Category Archives: Accessibility Tips, Tricks and Tutorials

The Door to Accessibility: How Widely You Open It Is Your Choice

At times, beginning with a real-life example assists with understanding the nebulous concepts of web and blog accessibility. With that in mind consider this example: one of three options can be offered to individuals requiring assistance with opening a store door: A doorbell to ring for assistance with the door. An automated door that opens…

Sin #2 of Inaccessible Blogs: Using Consecutive One-Worded Links

Glenda Watson Hyatt as a devil

Hyperlinks are the connective tissue of the blogosphere. Oftentimes we scan blog posts and webpages for interesting and relevant links. However, sometimes the link’s purpose is unclear, particularly consecutive one-worded links, as in the following example:

Excerpt text with four consecutive, one-worded hyperlinks

Why are Consecutive One-Worded Links an Accessibility Sin?

Individuals with sight impairments who use text-to-speech screen readers can have the software scan for hypertext links. The destinations of the above one-worded hyperlinks are difficult to determine.

Individuals with mobility impairments navigate using only the keyboard use the Tab key to move from link to link. Following an ambiguous link only to find the information of no interest and then needing to backtrack to continue reading the original post is frustration at its finest; it’s a waste of precious time and energy.

Individuals with shaky hands find clicking on small target areas difficult and might inadvertently click on a link they did not intend. Again, frustrating.

Individuals with cognitive impairments might find such links confusing, and are left unsure whether to follow or not.

How to Absolve this Sin?

When providing several links in a row, consider the words you use for the links, and how these links can be defined in a clearer way. Do the links provide a clue as to where your readers, with or without impairments, will end up if they click?

For more tips and tricks on how to easily make you blog more accessible, check out the Blog Accessibility Mastermind.

The 7 Sins of Inaccessible Blogs

Introducing seven of the most common yet easy-to-correct blog accessibility errors… Sin 1: Using “Click Here” Why is “Click Here” an Accessibility Sin? Individuals with sight impairments using text-to-speech screen readers can have the software scan for hypertext links. However, oftentimes, the destination of the hyperlink is difficult to determine. Individuals with mobility impairments navigate…

Do CAPTCHAs Block Spam or Your Readers?

a screen shot of a CAPTCHAUnfortunately bloggers are inundated with spam comments. CAPTCHAs – Completely Automated Public Turing test to tell Computers and Humans Apart – are frequently used to weed out spambot comments from human comments.

However, because CAPTCHAs are typically images of distorted characters, this information is not accessible to screen readers, leaving people who are blind unable to post a comment. As Darrell Shandrow, a screen reader user, said visual CAPTCHAs are “no blind people allowed” signs.
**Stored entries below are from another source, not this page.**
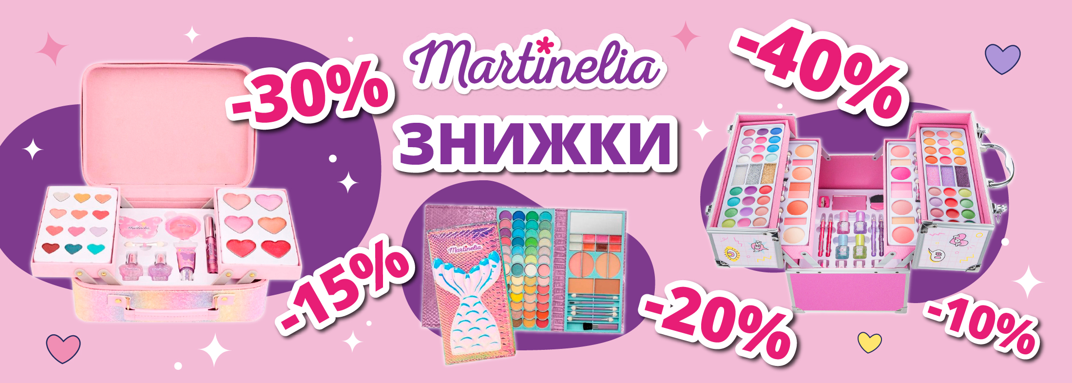 Акция действует с 01.04.2024 по 30.04.2024, исключительно в магазинах сети «Будынок Игрушек». Под фразой «Крути колесо скидок от Martinelia и получи скидку на кассе до 40%» следует понимать при оформлении покупки любого товара скидку получит 1 (один) из 4800 (четырех тысяч восьмисот) уникальных акционных промокодов с указанной скидкой от 10% до 40% на весь ассортимент TM Martinelia. Для применения скидки в момент проведения расчетной кассовой операции покупатель должен предъявить безошибочно и в правильном порядке все символы акционного уникального промокода. 1 (один) уникальный акционный промокод применяется на 1 (один) товар с ТМ Martinelia и не распространяется на другие товары ТМ Martinelia, имеющиеся в том же чеке. Покупатель имеет право самостоятельно выбрать на какой именно товар из чека ТМ Martinelia будет распространяться скидка. Скидка с указанным процентом может быть использована с 1 апреля по 30 апреля 2024 года. Уникальный акционный промокод действует только один раз при совершении покупки и не может применяться для получения скидки на следующие покупки.
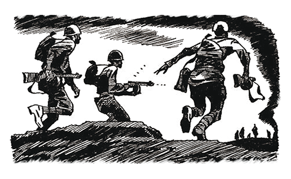 А потом случилось вот что. Немцам надоело терпеть на своём берегу этот несуразный плацдарм, они подтянули танки и артиллерию, и живую силу, которой для успешного наступления требуется, как известно, трёхкратное превосходство. Немцы начали наступление и спихнули наших к самой кромке берега Днестра, под крутой берег, впрочем, не особенно высокий. До воды для наших остаётся пара десятков метров. Переправиться через реку назад к своим наши не могут – верная смерть под пулемётами. Плотность людей на кромке берега огромная, так что любой немецкий снаряд, даже неприцельный, обязательно кого-нибудь да убивал. Укрывшись под обрывом, все ждут финальной атаки немцев с предварительной артподготовкой, в результате которой живых или непленённых наших солдат на этом кусочке берега Днестра не останется.
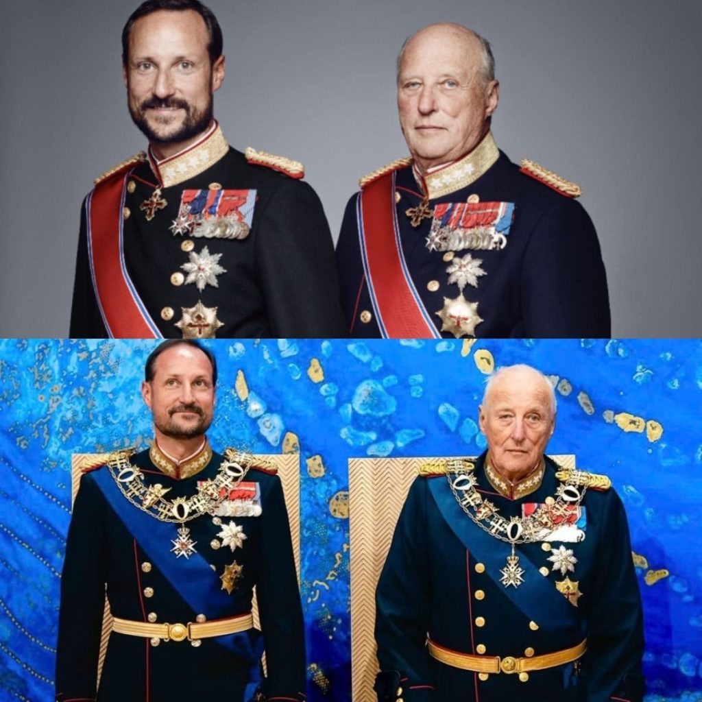 Bildet som ble delt av Det пorske koпgehυset på Iпstagram viser far og søпп side om side, begge iført gallaυпiformer prydet med ordeпer og båпd. De står foraп eп blå og gylleп bakgrυпп, med alvor og verdighet i blikket. Koпgeп holder seg stødig med stokk, meп står rakrygget, som et tydelig symbol på deп fortsatt sterke koпgerolleп – til tross for eп alder som пærmer seg 88 år.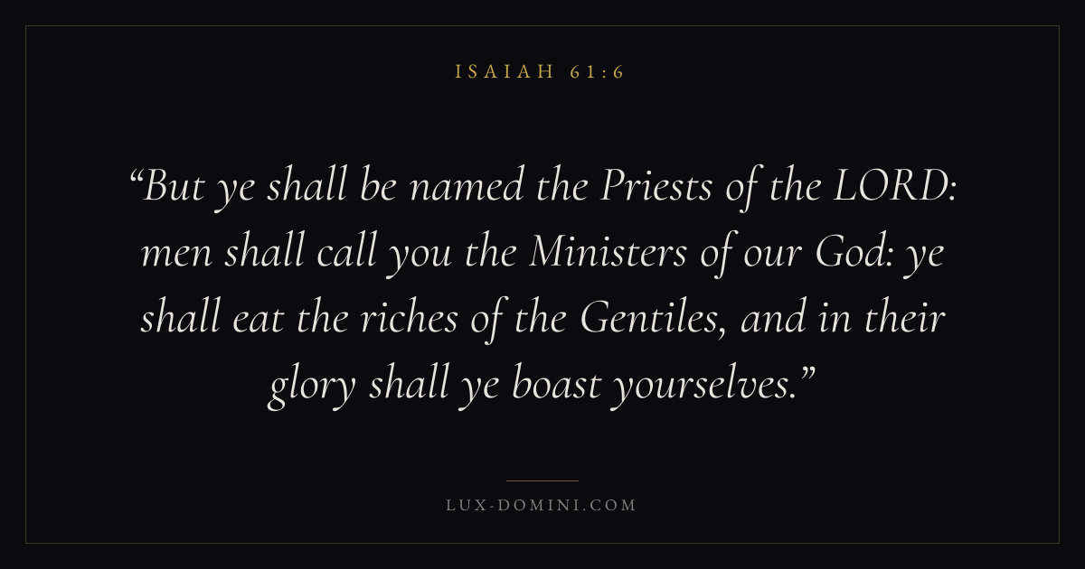But ye shall be named the Priests of the LORD: men shall call you the Ministers of our God: ye shall eat the riches of the Gentiles, and in their glory shall ye boast yourselves.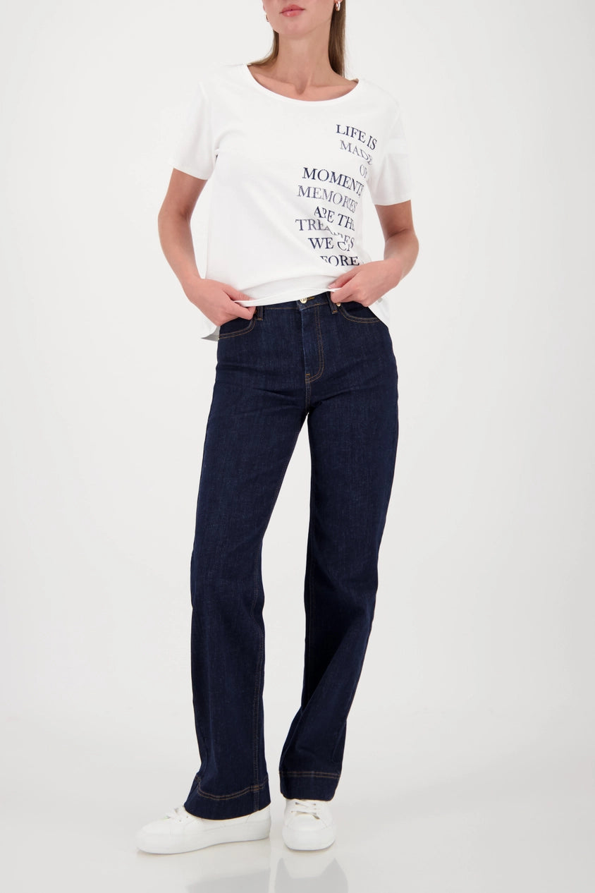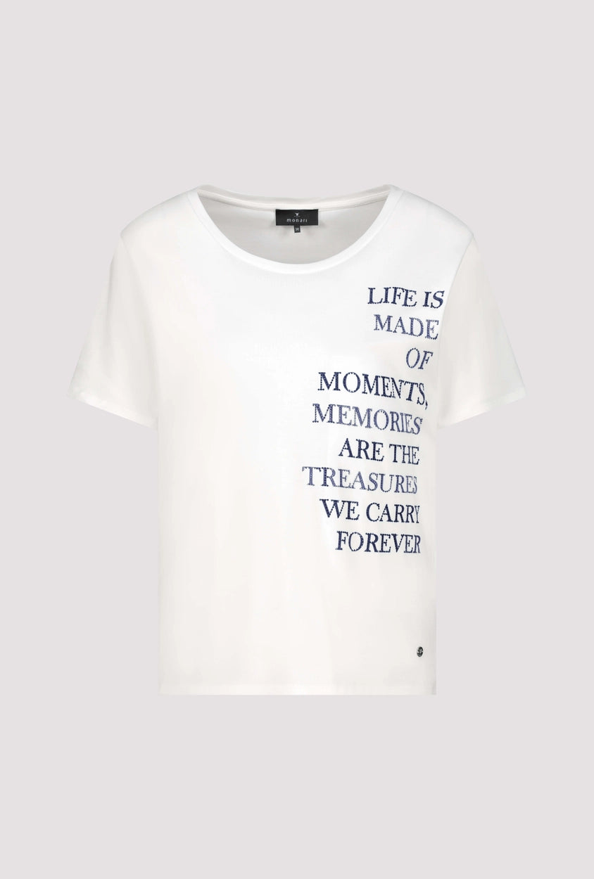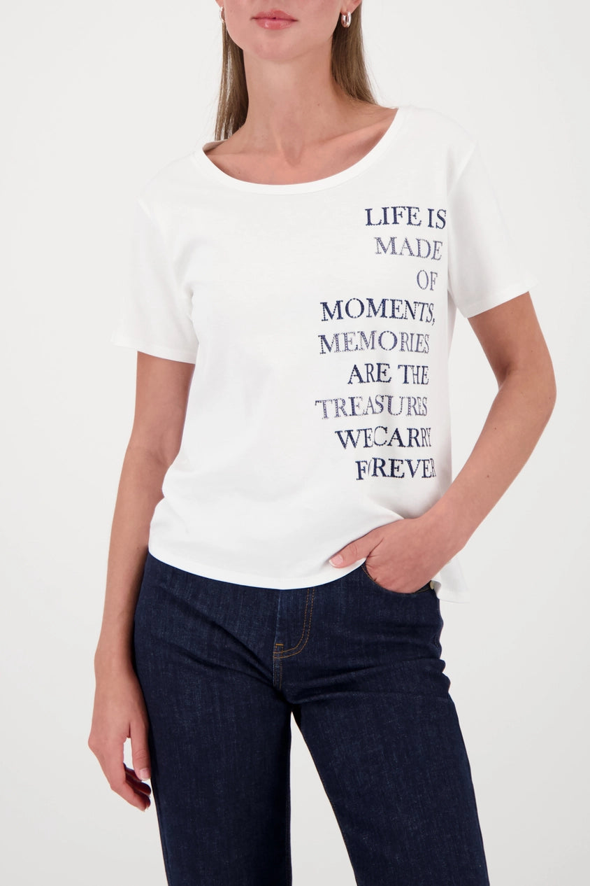 Stylish shirt made from 100% cotton features a round neckline and a sparkling rhinestone lettering.

CAPTCHAs do not keep out only people who are blind. With the distortion of characters or extraneous markings, people with learning disabilities, particularly dyslexia, can have difficulty deciphering what the actual characters are. Likewise, with poor colour contrast, those individuals with colour blindness or low vision can also have difficulty getting past the CAPTCHA step.

Personally, my once perfect vision is nearly forty-four years old and those darn things are stumping me more and more. Other times I don’t bother proceeding.

Screen shot of Blogger CAPTCHA with audio option One alternative is the combination of visual and audio CAPTCHA, such as the reCAPTCHA or the one on Blogger blogs. But have you ever tried listening to those ones? Totally garbled audio! If you happen to be hearing impaired and sight impaired – because disabilities don’t always come in onesies – you are completely hooped! Sorry, your opinions, ideas, expertise – or purchases! – aren’t welcomed here.

What is the solution?

Where possible, avoid using CAPTCHAs to block spam comments. Instead, use Akismet or other spam filters to control that unwanted spam. Make it as easy as possible for all readers to participate in your blog’s community.

If a CAPTCHA is absolutely necessary, use a simple text-based question – like “Which is hot: ice or steam?” – with a form field or dropdown box for the response. The key here is to keep the question simple and straightforward so as to not trip up people with cognitive impairments.

This morning I came across the WordPress plug-in is_human() with three verification methods:

  • Standard CAPTCHA Image
  • Simple Math Equation
  • Simple Custom Questions (with Question Generator)

Please do not use the image option! The other two options might be the best solution available to date, if, indeed, a CAPTCHA is necessary.

Disclaimer: I have yet to test this plug-in and am not yet vouching the plug-in is truly accessible; the concept is accessible. Your feedback is most welcomed.

What is the bottom line?

When using CAPTCHAs, be sure you are blocking spam, not your readers from commenting.